Apparently, the $2.2 trillion spent on the overwhelmingly bipartisan CARES Act in 2020 that Republicans and Democrats supported was not enough for the then-incoming President Joe Biden and Vice President Kamala Harris. Not even as 16 million out of the 25 million jobs temporarily lost during Covid were already recovered by Jan. 2021.
By the time Trump left office, the M2 money supply had already increased by $4.1 trillion, almost 27 percent, from $15.29 trillion in Jan. 2020 to $19.4 trillion in Jan. 2021.
The context was the national and global economy were locked down, schools closed, millions out of work and prices were collapsing. For example, oil briefly went below zero dollars a barrel as Americans stopped driving to work.
No, Biden and Harris wanted an economic stimulus of their own to take “credit” for, and so another $1.9 trillion for the very partisan American Rescue Plan Act of 2021 that only Democrats supported was spent by Congress and signed into law by Biden.
Throwing more fuel onto the fire, Biden then proposed and the Democratic-led Congress passed the so-called Inflation Reduction Act with $891 billion of green energy subsidies and other spending included. Biden signed it and Harris supported it.
By April 2022, the M2 money supply had increased another $2.6 trillion to $22 trillion, a further 13.6 percent.
Making matters worse, the Federal Reserve waited until consumer inflation was already at 7.5 percent in Jan. 2022 and Russia invaded Ukraine in Feb. 2022 exacerbating the global supply chain crisis before it began hiking interest rates in March 2022 to curtail the consequences, intended and unintended, of all the spending. By June 2022, consumer inflation peaked at 9.1 percent.
Note that within a month of the Fed beginning the interest rate hike cycle, the M2 money supply peaked. But the Fed could have acted much sooner. By June 2021, consumer inflation had already crossed to 5.4 percent after Congress acted again. If Congress had not created the additional stimulus in 2021 and the Fed had just begun raising interest rates in the first half of 2021, about half or more of the pain being felt now could have already been alleviated, and President Biden would likely be cruising to reelection.
In other words, there definitely was going to be inflation even if Biden-Harris had done nothing on the fiscal side, which was precisely the thing to do. Congress and the Fed had already primed the pump sufficiently at that stage. But they kept going, along with the Fed, which by that point should have already begun hiking interest rates but didn’t, and so both unnecessarily extended the stimulus all the way through 2021 and into 2022.

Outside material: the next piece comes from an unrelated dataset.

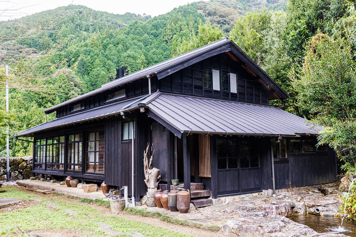 森林环绕的独一无二的古民宅。外面还有一只可爱的黑猫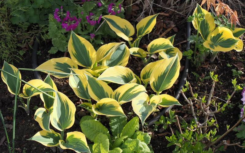 Ben Vernooij wiosna został podzielony na pół i jedna część powędrowała do nowego ogrodu... żółty kieł również odzieliłam niestety na razie wygląda na to, że nie przeżył tej operacji...

And Harris took credit for it. On April 29 at the Economic Opportunity Tour in Atlanta, Ga. Harris stated, unironically, “we are in the process of putting a lot of money in the streets of America…” Yup. We know.
While the American people have been paying the price for all the inflation the entire time, it could be Harris who finally pays the price in November, as voters angry with the status quo say it’s time for a change when they head to the polls. Stay tuned.
Robert Romano is the Vice President of Public Policy at Americans for Limited Government Foundation.